> _REQUIRED WORK_
Restate, word for word and with no pictures, the stretch of lines in the data below that begins at the line with "Add sparkle to" and ends at the line with "Grab Handle Plastic", inclusive.

> _DATASET RECORDS_
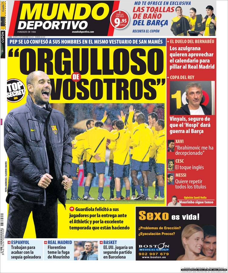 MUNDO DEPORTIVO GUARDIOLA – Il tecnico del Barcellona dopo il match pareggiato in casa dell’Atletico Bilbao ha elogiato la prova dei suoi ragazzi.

* * *

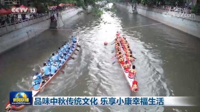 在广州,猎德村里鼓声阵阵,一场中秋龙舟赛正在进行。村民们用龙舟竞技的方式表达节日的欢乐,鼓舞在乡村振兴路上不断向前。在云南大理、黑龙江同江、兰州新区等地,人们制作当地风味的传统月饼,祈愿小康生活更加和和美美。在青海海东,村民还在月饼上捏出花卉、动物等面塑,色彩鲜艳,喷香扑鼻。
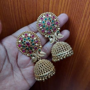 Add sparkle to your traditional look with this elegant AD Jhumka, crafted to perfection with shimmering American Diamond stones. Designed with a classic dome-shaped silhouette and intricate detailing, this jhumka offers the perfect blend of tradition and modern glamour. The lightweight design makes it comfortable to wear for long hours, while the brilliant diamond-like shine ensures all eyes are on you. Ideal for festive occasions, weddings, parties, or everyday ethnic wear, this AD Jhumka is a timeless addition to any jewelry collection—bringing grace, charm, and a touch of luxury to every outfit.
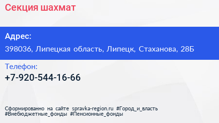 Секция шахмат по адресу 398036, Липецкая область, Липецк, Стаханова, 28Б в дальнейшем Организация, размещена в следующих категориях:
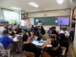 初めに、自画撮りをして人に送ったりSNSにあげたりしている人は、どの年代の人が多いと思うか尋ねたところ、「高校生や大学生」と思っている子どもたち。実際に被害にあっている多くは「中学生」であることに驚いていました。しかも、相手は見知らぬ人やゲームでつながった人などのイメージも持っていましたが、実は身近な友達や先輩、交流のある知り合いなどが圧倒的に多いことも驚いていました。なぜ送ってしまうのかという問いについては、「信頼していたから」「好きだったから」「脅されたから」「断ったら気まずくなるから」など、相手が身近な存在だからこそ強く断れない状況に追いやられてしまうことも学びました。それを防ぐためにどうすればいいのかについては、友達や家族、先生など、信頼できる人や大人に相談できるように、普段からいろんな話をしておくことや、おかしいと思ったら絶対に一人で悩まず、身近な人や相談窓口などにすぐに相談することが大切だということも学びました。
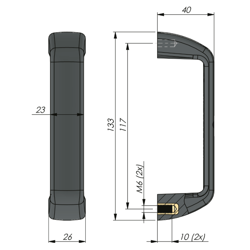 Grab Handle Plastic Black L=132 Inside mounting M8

> _RESPONSE FOR THIS EXERCISE_
 Add sparkle to your traditional look with this elegant AD Jhumka, crafted to perfection with shimmering American Diamond stones. Designed with a classic dome-shaped silhouette and intricate detailing, this jhumka offers the perfect blend of tradition and modern glamour. The lightweight design makes it comfortable to wear for long hours, while the brilliant diamond-like shine ensures all eyes are on you. Ideal for festive occasions, weddings, parties, or everyday ethnic wear, this AD Jhumka is a timeless addition to any jewelry collection—bringing grace, charm, and a touch of luxury to every outfit.
 Секция шахмат по адресу 398036, Липецкая область, Липецк, Стаханова, 28Б в дальнейшем Организация, размещена в следующих категориях:
 初めに、自画撮りをして人に送ったりSNSにあげたりしている人は、どの年代の人が多いと思うか尋ねたところ、「高校生や大学生」と思っている子どもたち。実際に被害にあっている多くは「中学生」であることに驚いていました。しかも、相手は見知らぬ人やゲームでつながった人などのイメージも持っていましたが、実は身近な友達や先輩、交流のある知り合いなどが圧倒的に多いことも驚いていました。なぜ送ってしまうのかという問いについては、「信頼していたから」「好きだったから」「脅されたから」「断ったら気まずくなるから」など、相手が身近な存在だからこそ強く断れない状況に追いやられてしまうことも学びました。それを防ぐためにどうすればいいのかについては、友達や家族、先生など、信頼できる人や大人に相談できるように、普段からいろんな話をしておくことや、おかしいと思ったら絶対に一人で悩まず、身近な人や相談窓口などにすぐに相談することが大切だということも学びました。
 Grab Handle Plastic Black L=132 Inside mounting M8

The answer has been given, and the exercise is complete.